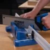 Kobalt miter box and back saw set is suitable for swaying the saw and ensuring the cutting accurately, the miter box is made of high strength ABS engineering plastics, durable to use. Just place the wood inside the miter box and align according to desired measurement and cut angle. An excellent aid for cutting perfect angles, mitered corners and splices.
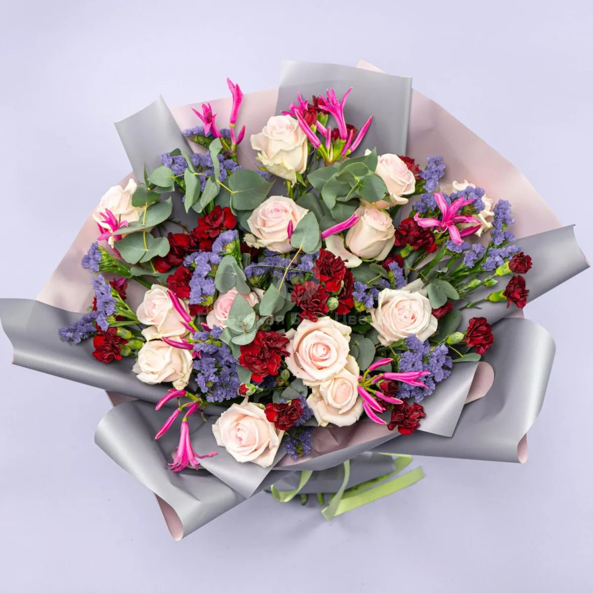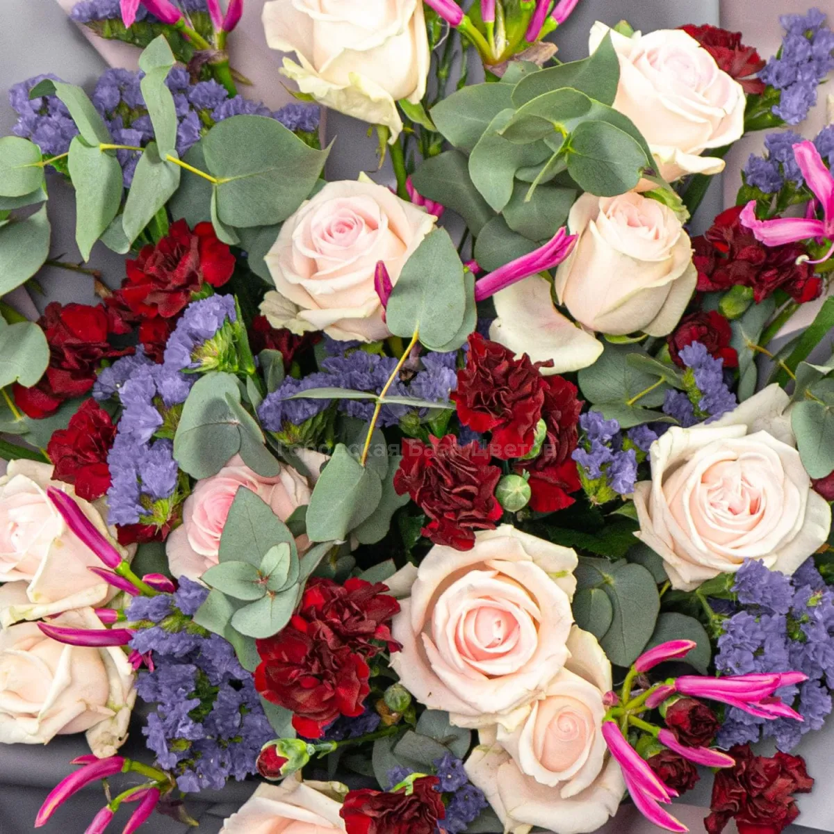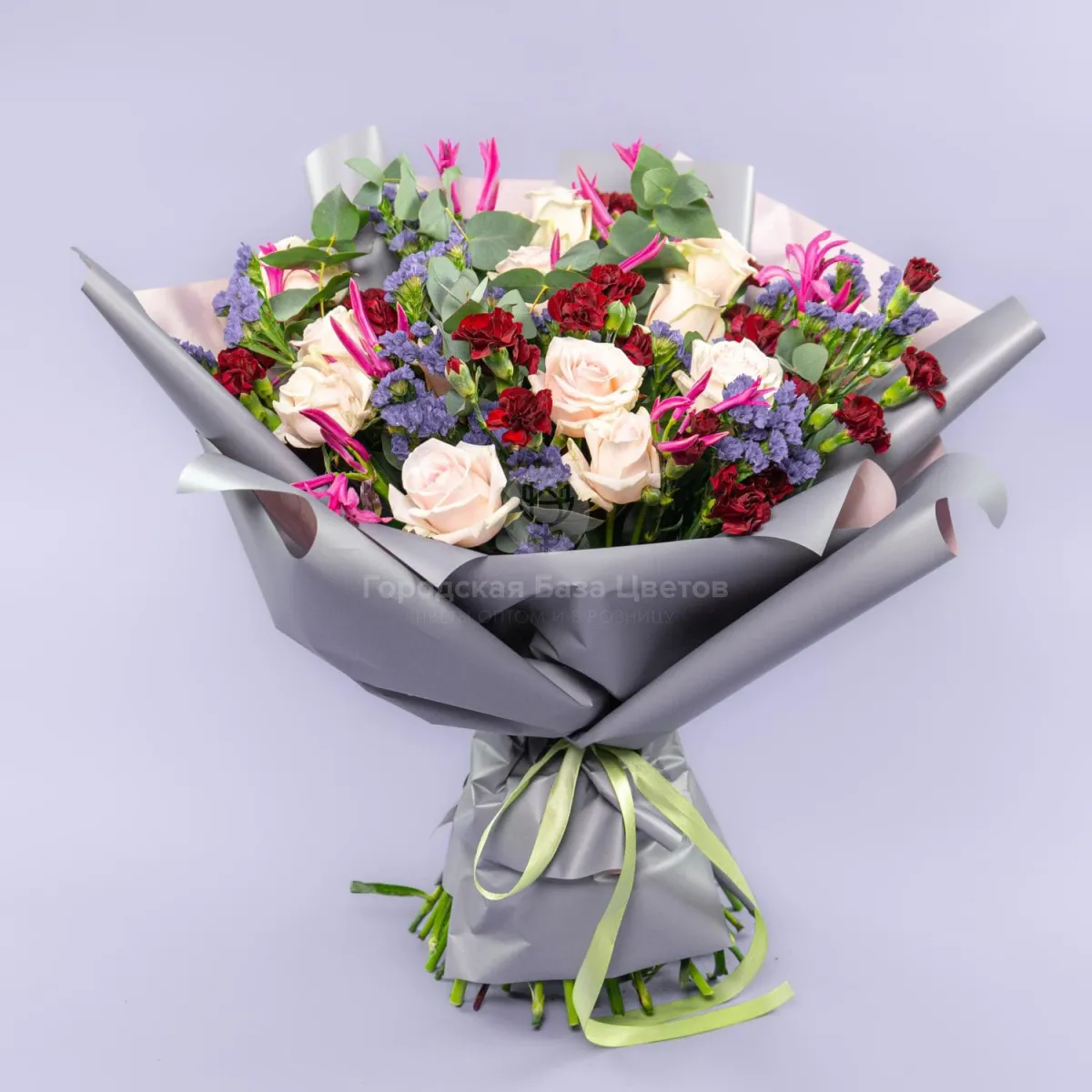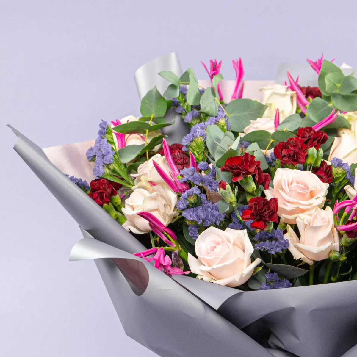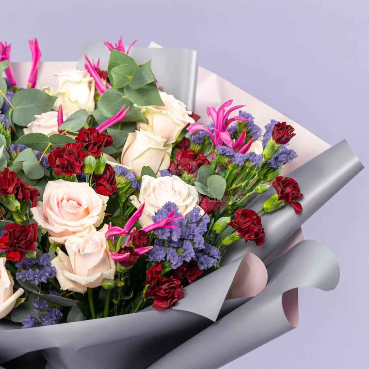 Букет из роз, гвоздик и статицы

━━━━

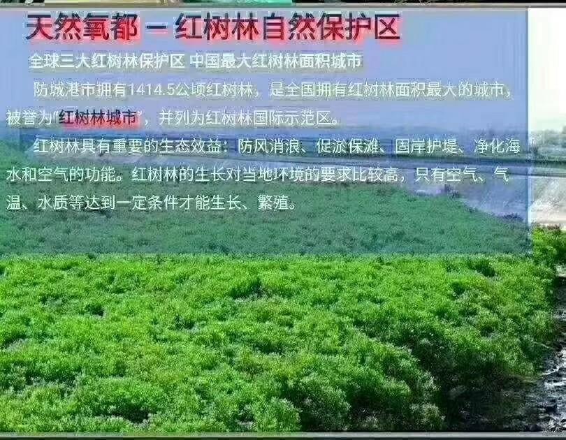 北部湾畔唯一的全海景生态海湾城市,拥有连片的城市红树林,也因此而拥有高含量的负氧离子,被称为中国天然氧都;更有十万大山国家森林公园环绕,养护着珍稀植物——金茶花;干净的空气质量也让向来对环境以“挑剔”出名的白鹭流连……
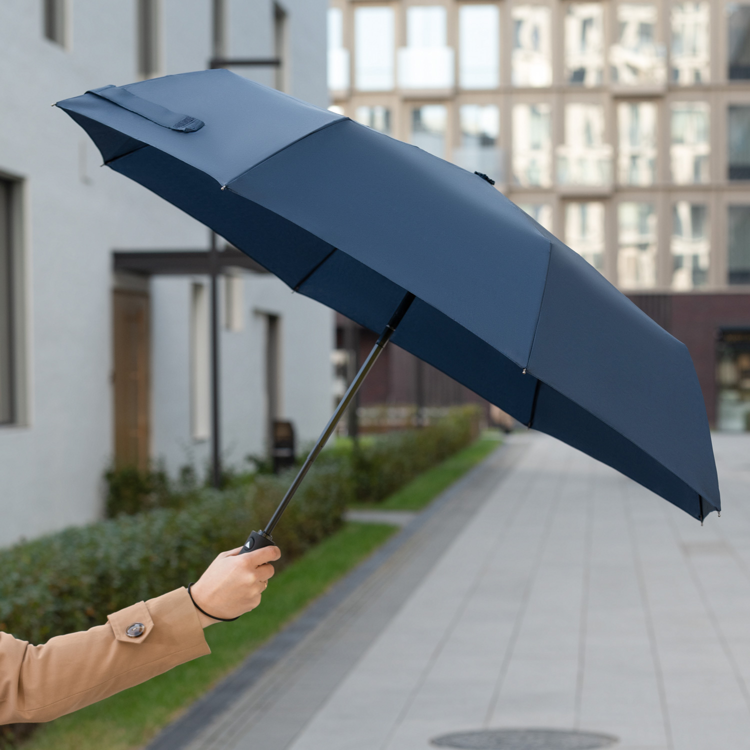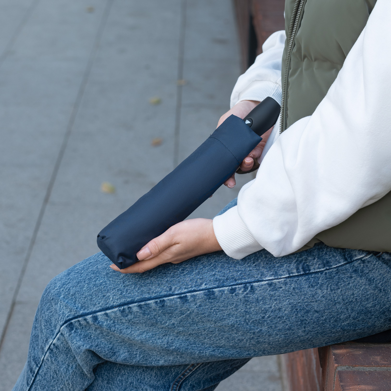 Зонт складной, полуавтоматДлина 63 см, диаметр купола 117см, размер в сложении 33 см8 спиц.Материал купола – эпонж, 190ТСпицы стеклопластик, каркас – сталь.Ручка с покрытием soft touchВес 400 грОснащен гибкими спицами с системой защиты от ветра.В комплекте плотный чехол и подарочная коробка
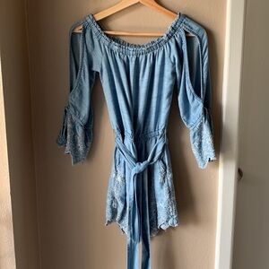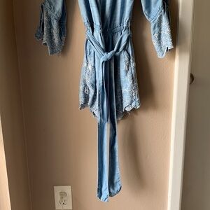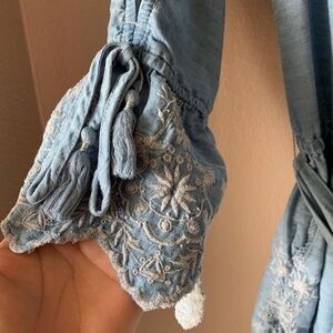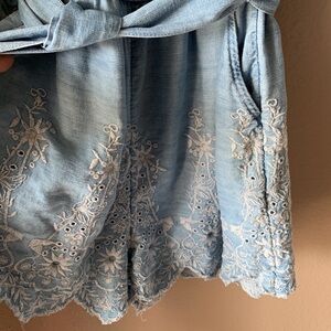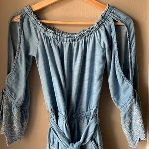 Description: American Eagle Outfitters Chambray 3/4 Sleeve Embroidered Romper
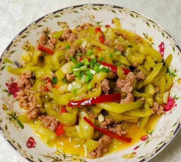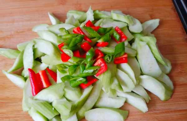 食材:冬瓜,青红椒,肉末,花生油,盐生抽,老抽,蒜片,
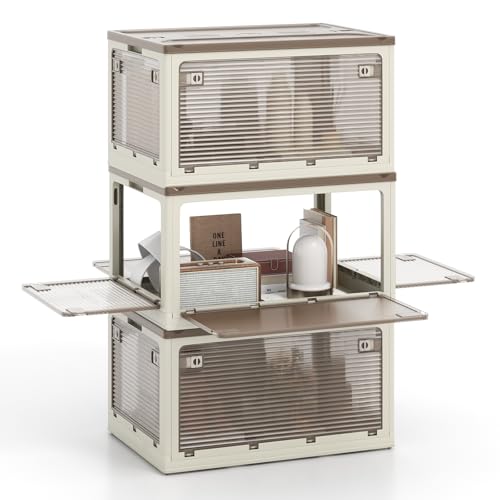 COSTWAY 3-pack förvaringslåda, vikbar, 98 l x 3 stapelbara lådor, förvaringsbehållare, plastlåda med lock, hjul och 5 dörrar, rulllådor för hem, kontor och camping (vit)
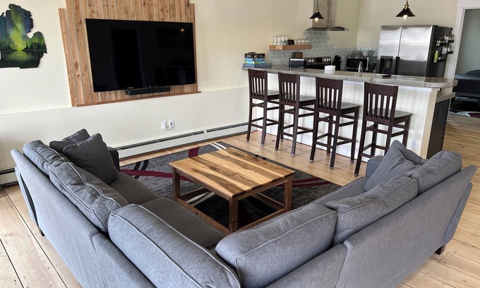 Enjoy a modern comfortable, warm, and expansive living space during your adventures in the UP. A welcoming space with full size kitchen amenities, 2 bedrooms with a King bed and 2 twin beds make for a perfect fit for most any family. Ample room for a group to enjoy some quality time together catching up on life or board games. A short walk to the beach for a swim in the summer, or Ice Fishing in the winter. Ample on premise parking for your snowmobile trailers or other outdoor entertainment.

━━━━

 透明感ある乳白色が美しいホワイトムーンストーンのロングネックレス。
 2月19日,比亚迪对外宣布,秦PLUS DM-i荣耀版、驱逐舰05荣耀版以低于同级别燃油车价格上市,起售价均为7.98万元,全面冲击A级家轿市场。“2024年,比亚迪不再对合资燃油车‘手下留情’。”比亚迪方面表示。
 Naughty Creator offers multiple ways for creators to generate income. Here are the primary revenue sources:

━━━━

→ **YOUR OBJECTIVE**: Reproducing the whole listing above is not the task. Copy exactly only the lines from the one with "透明感ある乳白色が美しいホワイトムーンストーンのロングネックレス。" to the one with "Naughty Creator offers", both kept.

→ **ANSWER SPACE**:
 透明感ある乳白色が美しいホワイトムーンストーンのロングネックレス。
 2月19日,比亚迪对外宣布,秦PLUS DM-i荣耀版、驱逐舰05荣耀版以低于同级别燃油车价格上市,起售价均为7.98万元,全面冲击A级家轿市场。“2024年,比亚迪不再对合资燃油车‘手下留情’。”比亚迪方面表示。
 Naughty Creator offers multiple ways for creators to generate income. Here are the primary revenue sources:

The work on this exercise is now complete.